More Reality-Acceptance Indicated/So That Happened

So I was at my physical therapist Satya’s office and telling her about how excited I was because of doing more yoga lately and feeling good in my body, but also, there’s this one pose that’s supposed to be like this, where the cue is like this, but where to do that thing with this part at the same time as this other thing with that part, well, it’s a no-go. 

Like, my body don’t do that.  And then I go demonstrating for her the thing I know my body doesn’t do without pain, and I’m negotiating with the truth of my physical form, negotiating with reality, moving my foot around showing her like, “See I can ‘get’ this part there if I move this other part here, but then, that’s kinda awkward plus I’m maybe spasming in my ….”

And then Zing!!! And my knee straightened right up automatically to come out of the too-deep-a-bend-for-me-to-be-okay-pose, which I think in Sanskrit is something like, “youtotaljackassana,” because seriously, yes seriously, that happened. In my physical therapist’s office.

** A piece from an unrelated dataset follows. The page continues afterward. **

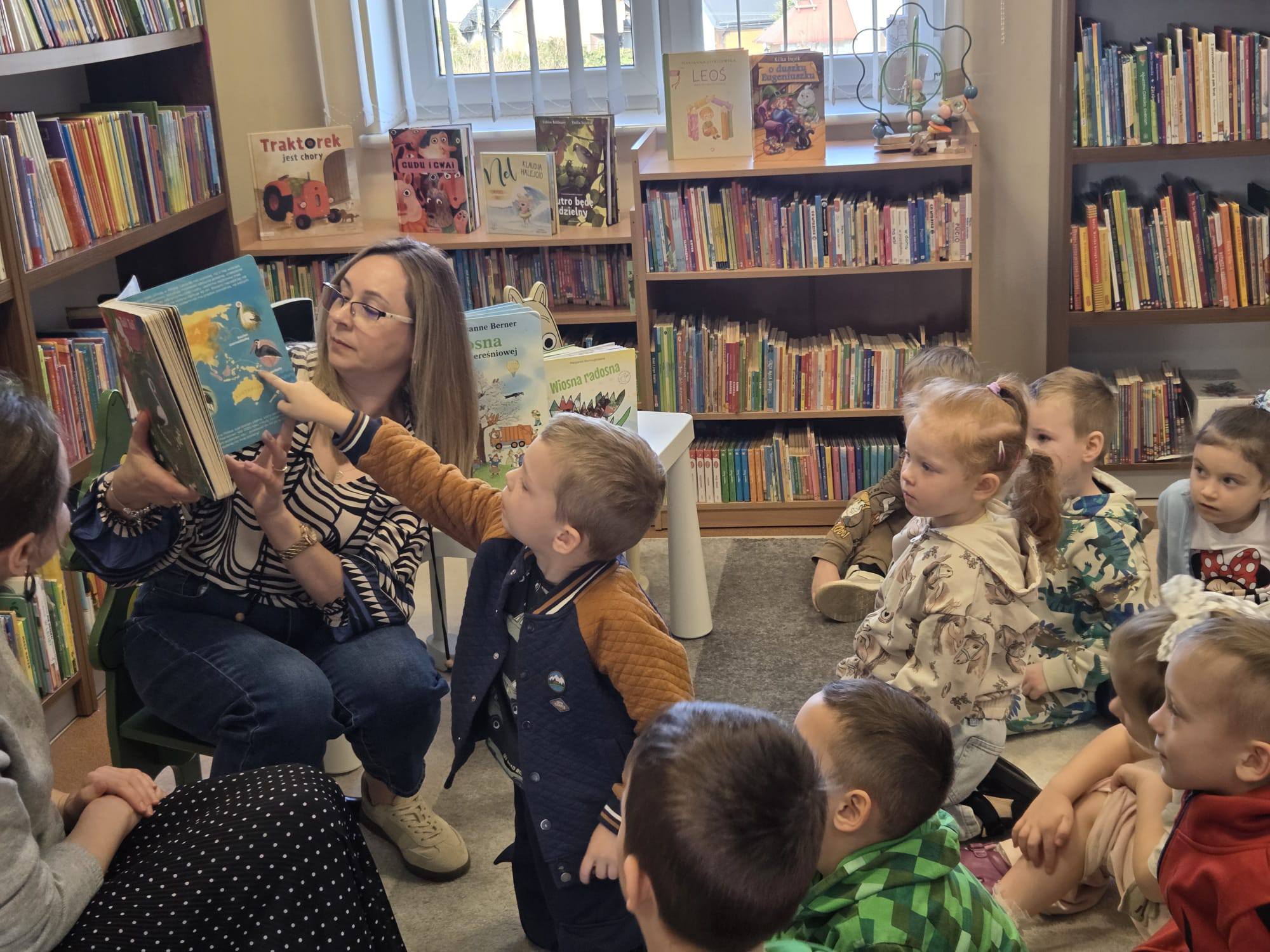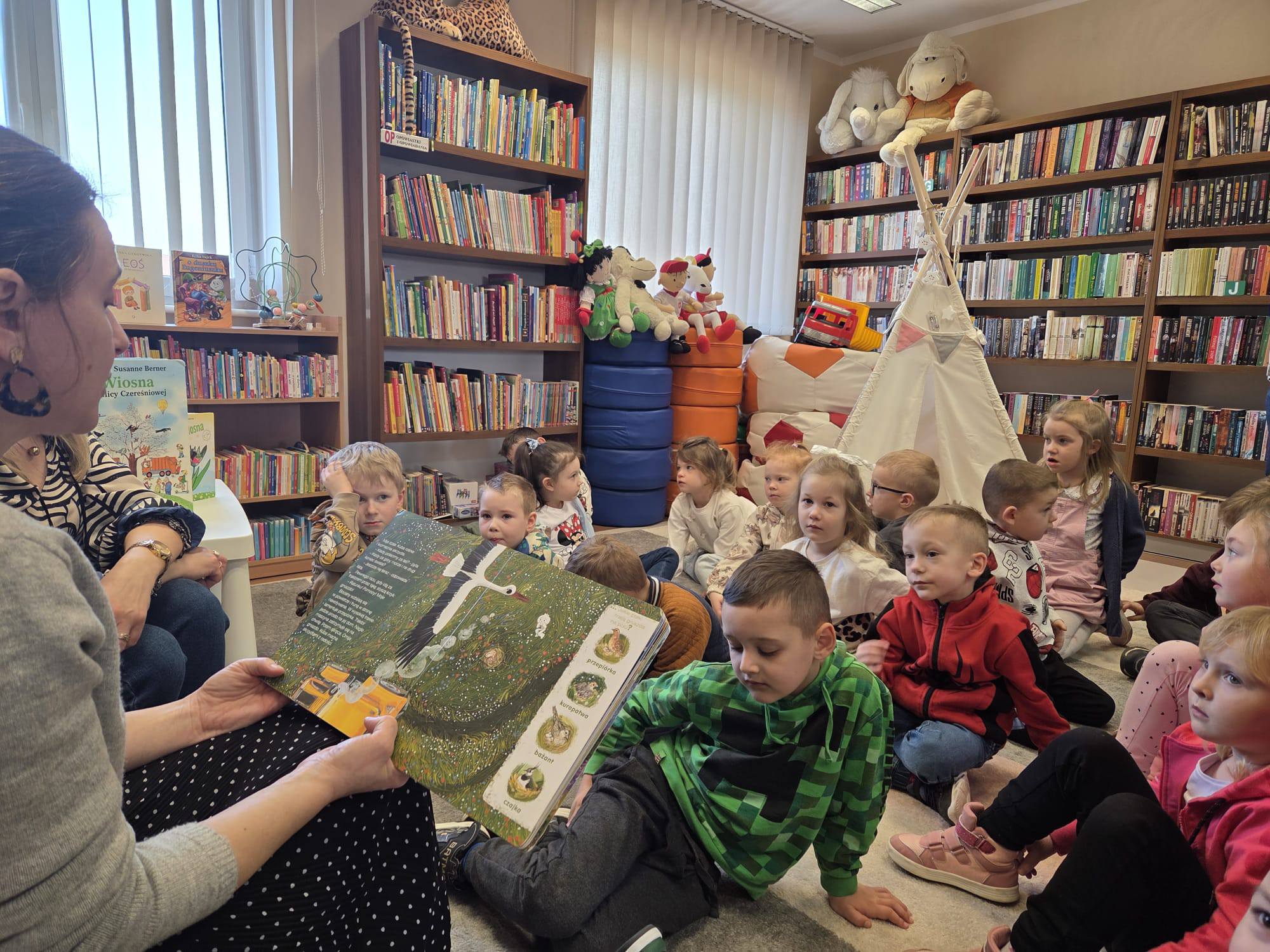 10 marca dzieci z grupy Motylki wybrały się do biblioteki posłuchać pięknej historii zatytułowanej „Bocian z łąki” – opowieści o bocianie i jego rodzinie. Z zaciekawieniem przenieśliśmy się w świat ptasich opowieści.

What I’d done was perfectly designed to injure myself exactly that way, and I knew it. I’d gone from sitting cross-legged on a sofa for more than two hours of back-to-back zooms, to driving to her office, to immediately thrusting my cold self beyond my edge, to demonstrate where my edge was, in an effort to recruit this person to magically “improve” me.  Meaning, get my knee to bend more than it bends.   Because why? Because I want that.  Because why?  Because parallel to floor good, therefore not parallel to floor bad.  And who wants to be bad? Not Me!!!

Basically, the opposite of all higher teachings I’ve ever received: the opposite of discernment, the opposite of kindness, the opposite of compassion, the opposite of humility and acceptance. But … but … if only ….

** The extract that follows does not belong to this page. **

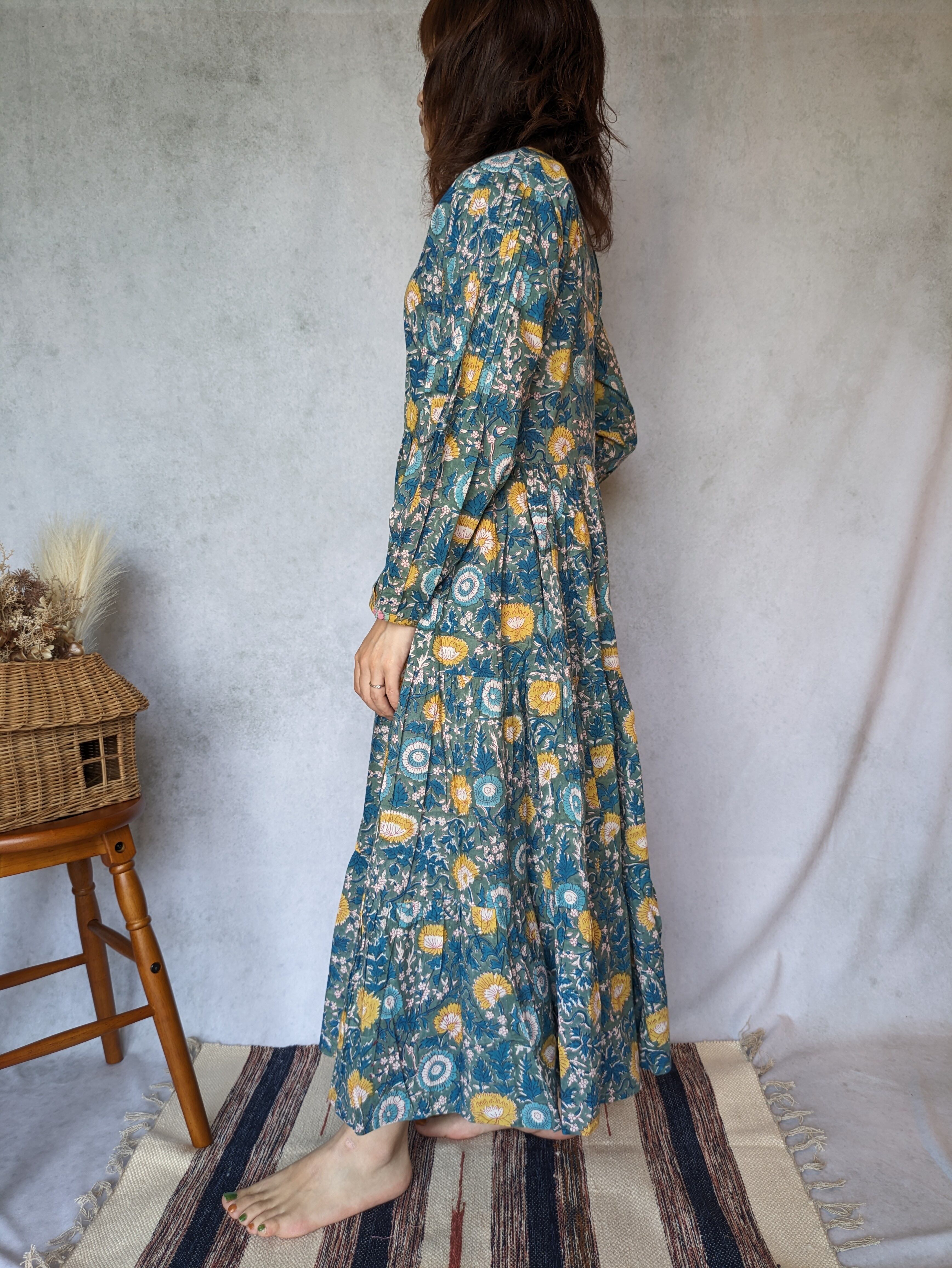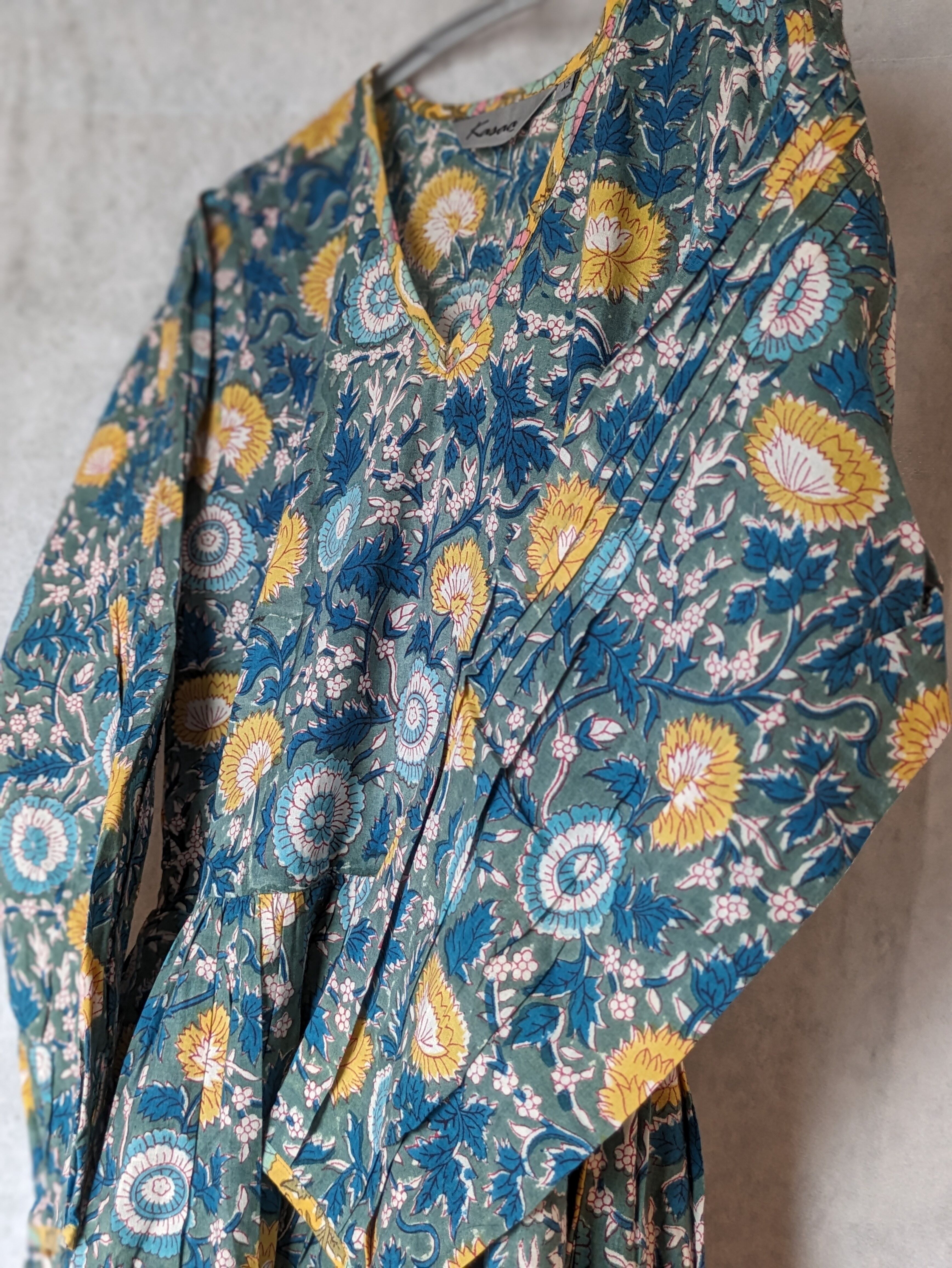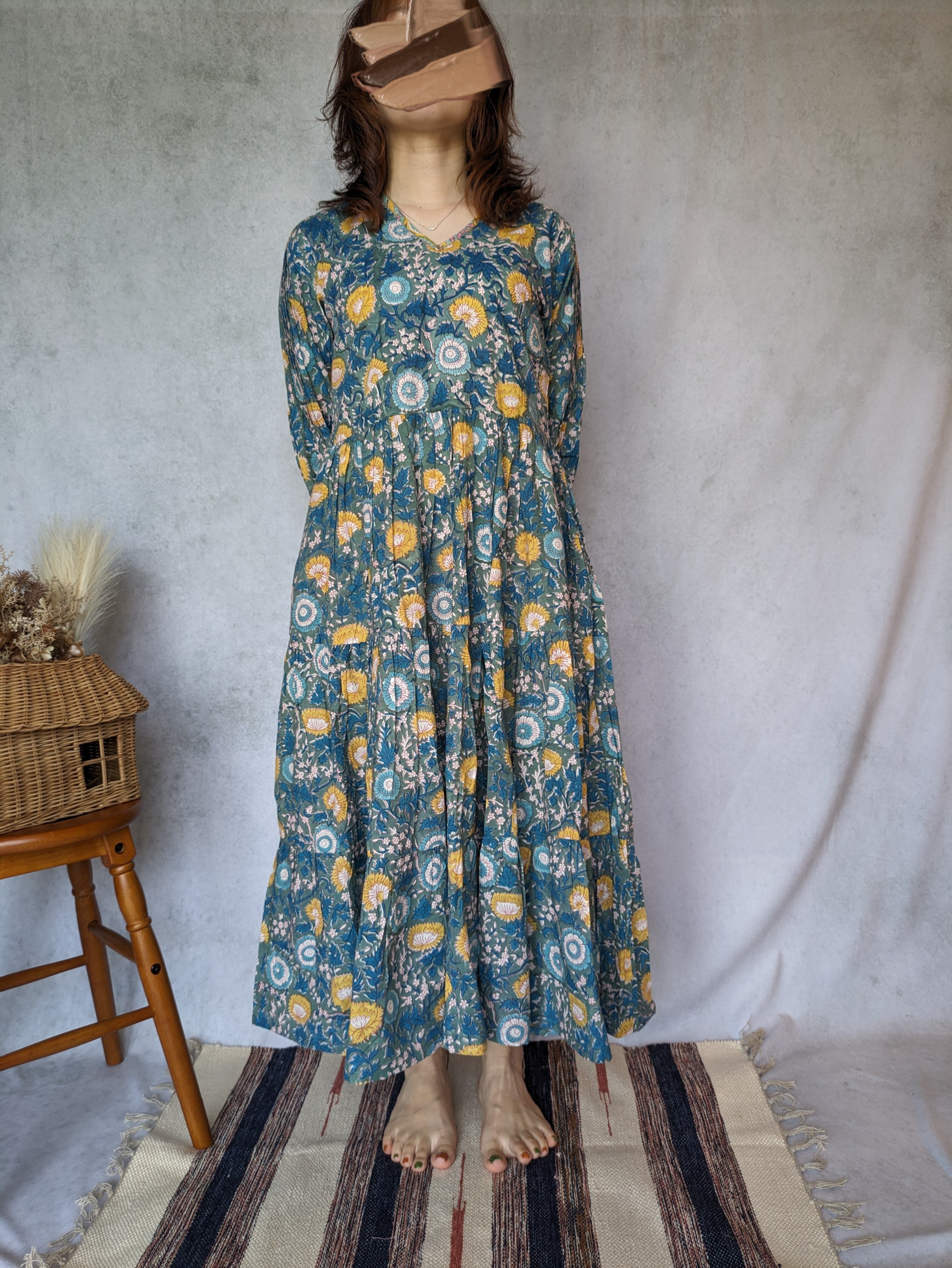 こちらは、インドの伝統工芸であるハンドブロックプリントで作られたワンピースです。

“I can’t believe I just tweaked out my knee while showing you the thing that tweaks out my knee,” I said.  Satya looked at me above her mask with soft eyes of empathy.  I was okay, I knew I’d be okay, despite the tweak, which was already progress, the knowing I’d be okay despite the physical and emotional sting of this opportunity for growth, served up again.

“I’d love to be done learning this lesson so it could stop being repeated,” I said. 

“Yes,” she said. And then we moved around some. And so, more self-acceptance, more reality-acceptance, in the physical realm, and other realms, indicated.  I’m gonna keep going.

Note: The tweaked knee worked it’s way out, the ego another story.